Players work their way through levels with various obstacles in a few different themed level sets. Gameplay is incredibly simple and takes the same one-button strategy that successful Jetpack Joyride did – tap anywhere on the screen to use the games one button. In this case, pressing the button makes the character stop. When the player let’s go, the character continues moving. While the controls are simple, the game isn’t. The puzzles are challenging and fun.

Players can earn one of three badges at the end of the level: precision (taking no damage), speedy (a set amount of time), and fantastic (a score composite of the two). I don’t like that the “speedy” badge can be obtained so easily by just running through a level and constantly taking hits.
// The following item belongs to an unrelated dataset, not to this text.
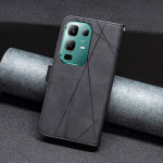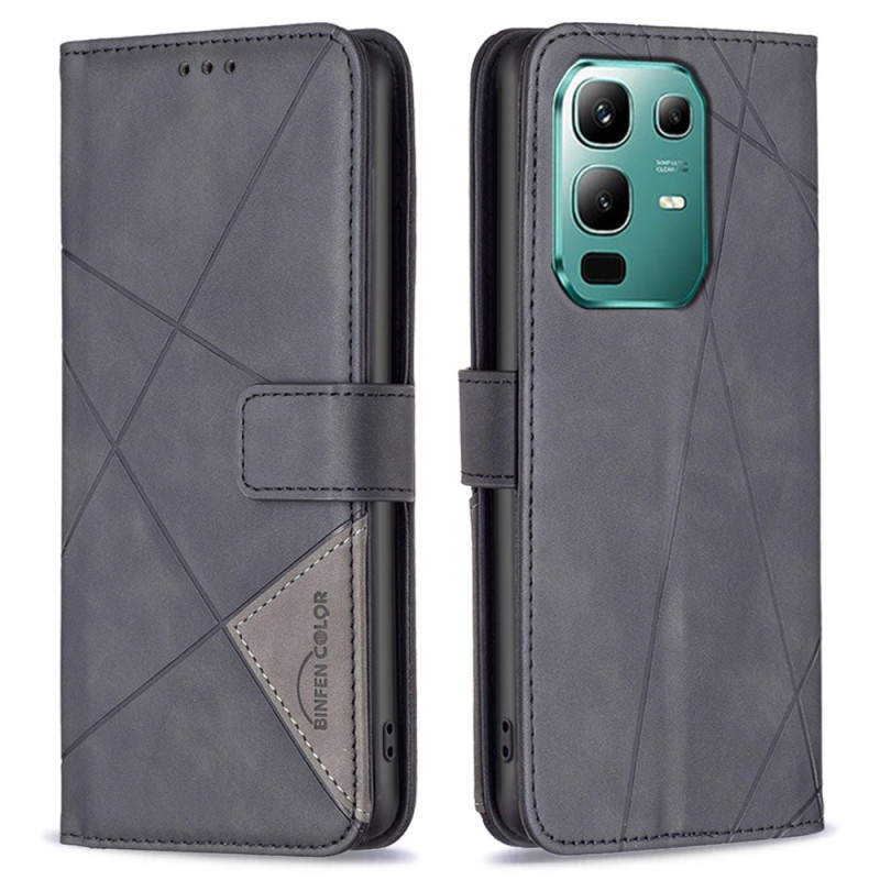 Étui portefeuille élégant pour Infinix Note 50X 5G avec support ajustable et design géométrique moderne. Combine protection intégrale et fonctionnalité avec 3 emplacements pour cartes et compartiment pour billets. Fermeture magnétique sécurisée.

I think the badge should only be obtainable if you only take a certain percentage of damage or take none at all. That would make it a much more challenging and worthwhile badge to obtain.

The game also has various powerups that are discovered throughout the game. Players use acorns that they earn throughout the levels to use the powerups. Of course, players can buy more acorns with in-app purchases. But I used plenty of power-ups with the acorns I earned in the game.

The art in the game reminds me a bit of Ocarina of Time, though I’m not exactly sure why. The forest theme for the first set of puzzles just reminds me of the starting area and the Great Deku tree. There’s also ruins, snow, and lava-themed puzzle worlds.

The game can be incredibly frustrating at times. Sometimes, the way the levels set up aren’t apparent (quite frequently, really…). When that happens, there’s almost no way to finish a level the first time or sometimes even second time through. Players need to test the level with some trial and error to memorize it and figure out the best way to go through it. I don’t think puzzles should be made that way. The best way to remedy this would be for players to be able to zoom out and preview the puzzle map and see what all of the obstacles do and on what timers.